I jabbered about a trend in the industry I was noticing for Brainy Gamer. Basically, 2 decent games whose only problem was being linear corridor shooters got panned by metacritic and some gamers used to more modern sentiments. A lot of this is visuals and controls, the two games I cite are Dementium and The Conduit, but it's curious because a lot of gamers enjoy old fashioned graphics and designs. Technically, both games are really impressive simply because of the amount of juice they get out of their systems. I mean, look at the trailer for Dementium 2, that's a DS making those images. At 60 frames per second.

The reason for this seemed to be something that Rob Zacny recently commented on about COD 4. People are just sorta tired of having their hands held and having to crawl through a unicursal maze in these games. Once you enjoy a game like Far Cry 2 or S.T.A.L.K.E.R., it's really hard to go back to some designer making you play through a level exactly how they want.

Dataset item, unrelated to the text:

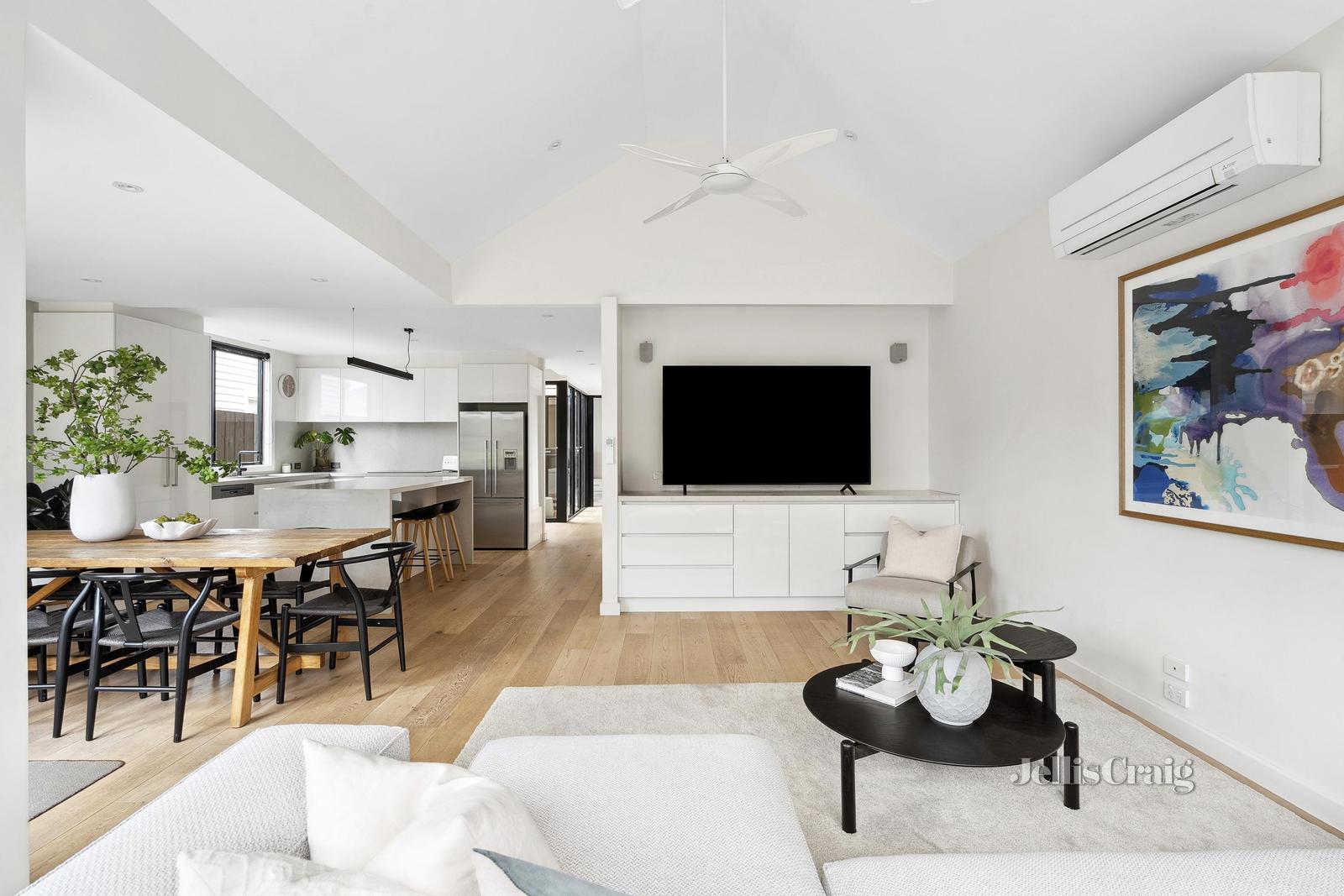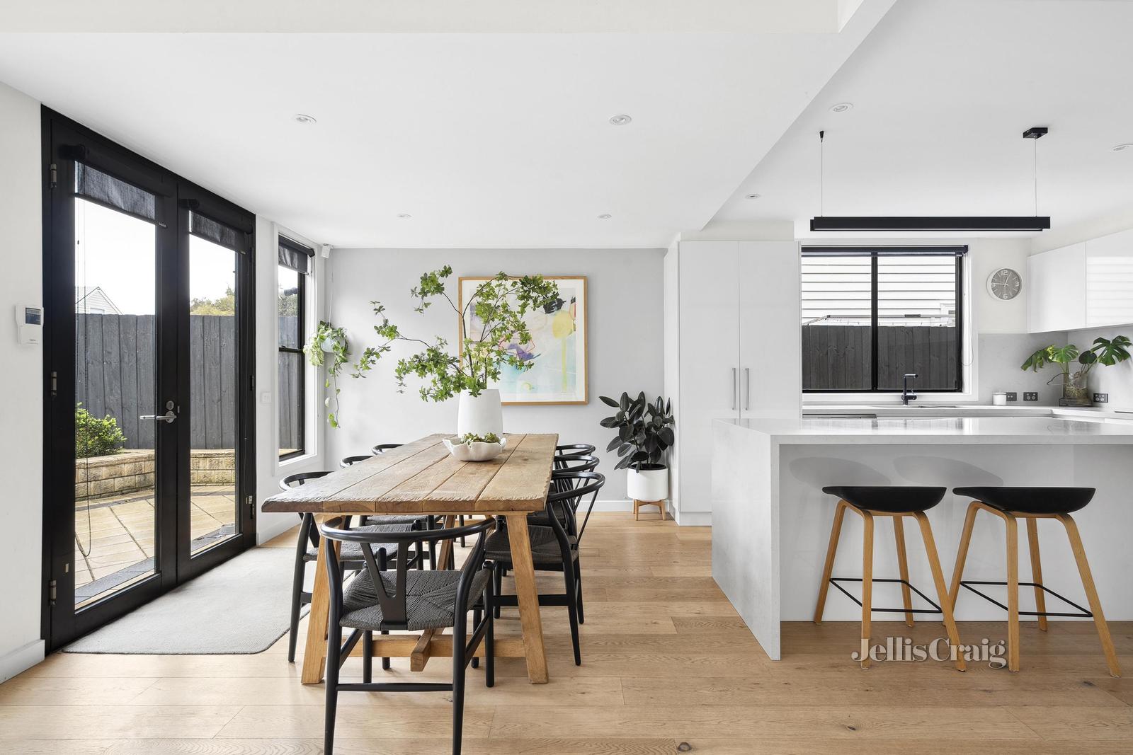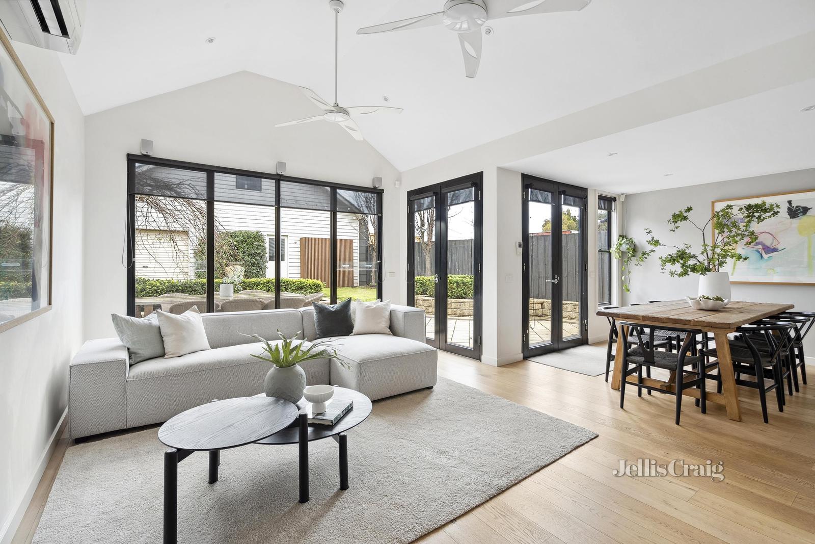 At the end of the hall the home opens into an open-plan kitchen, dining, and living area boasting vaulted ceilings and views of the back garden. This wonderful space is perfect for family living and entertaining, featuring quality stainless appliances, including an integrated dishwasher and induction cooktop. The living areas seamlessly connects to an inviting outdoor space through two sets of double doors.

It seemed a bit misguided to expand this to games entirely, people still enjoy linear games and that includes me. I just thought it would be appropriate to start really pushing towards a distinction between one being old-fashioned and one being the new paradigm. Games like Uncharted 2, from what I've played, seem to be slowly melding the two by making puzzles and combat sequences with numerous options. I used a lot of Steve Gaynor's ideas to expand all that out.

Makes you wonder what a post-modern FPS would play like.